I can freely merge one memory with another and create even more interesting super productions in high definition, with video from one day and audio from another. I can give my mind a free rein to create something more pleasurable than the original. Just give me a few pieces of history and, after some reflection, a rich entertaining memory will emerge, each retelling giving the opportunity to add and subtract depending on the success of the broadcast.

Is this dishonesty? Am I misleading anyone? Does anybody get hurt in this process? I don't think so. It is just my inventive subconscious, looking back at my life and having some fun; reaching back into the files and recovering a couple of events and then adding a little colour here and there.

Maybe I am revising history – but for better or for worse? Barnes writes in The Sense of an Ending “history is that certainty produced at the point where the imperfections of memory meet the inadequacies of documentation”. Don't get me wrong here: I am not supporting wholesale revision of history on a macro level, such as Nanking and the like. My revisionism occurs solely at a micro level; and after all, it is my history.

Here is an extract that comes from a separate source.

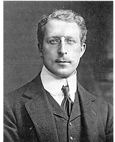
Альберт I — третій король бельгійців (1909–1934).

Карбування 10-сантимої монети розпочалося у 1920 р. Далі «французький» тип карбувався багатомільйонними тиражами у 1921, 1923, 1926–1929 рр., а «фламандський» — у 1921–1922, 1924–1930 рр. Для 1920–1921 рр. карбування відомі два типи монети —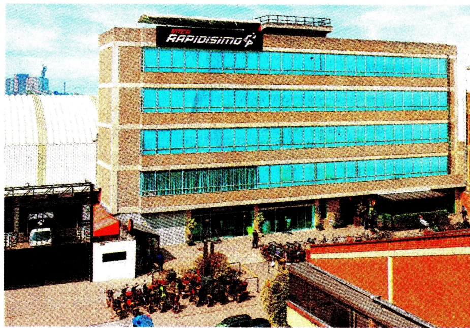
Según informe de MinTIC, Inter Rapidísimo se ha convertido en el operador postal de mensajería con mayor número de envíos individuales en el país. FOTO: INTER RAPIDÍSIMO

La información contenida es solo una guía general y no debe ser usada como base para la toma de decisiones de inversión o desinversión. Fuente: sificolombiana.com

But I like to think that each memory of mine has a core to be protected, a message to share with the audience, something to be passed down to later generations. The integrity of the core is not questioned, it is not at risk. It is frequently a belief, a value, an entry in the guidebook for those at an earlier stage of life. Changing the facts does not detract from that, but rather if done well, should enhance the telling and engage the listener even more deeply. I am quite accepting of that.

Someone I love asked me about wisdom the other day. Now that is an interesting subject. Aren't we meant to accumulate wisdom as we get older? I was hoping that this was a natural result of the aging process:  we just got smarter as the years went by,  automatically with hardly any increased effort. All those experiences, all those memories, add to this database that is there for us to draw on, when younger folks, not so wise, look to us for guidance. That's right: all those memories of all that history. It begins to make me question if I am building this so-called wisdom on solid ground; I cannot trust the foundations any more.

There are times when I feel I have some insight that is unique, some perspective that reflects the years and the pain it took to acquire. But I fear they might be few and far between. In reality, I am striving for wisdom, for some honest and real insights into life. In the meantime, I admit that my inventive subconscious remains busy at work, reinventing memories, enhancing and embellishing, to reinforce the false perception of the honest storyteller at work. There are days when I truly believe that my life has been as interesting and as fulfilling as my memory is now suggesting. Minds are truly creative, aren't they?

I expect that over time my memories of my life with Marianne will change; some will grow and others will diminish. But I am pretty sure that they will all have a core element of love and respect, and maybe that will be about as much as I can hope for as I close out another year and lay down another thin layer of insulation.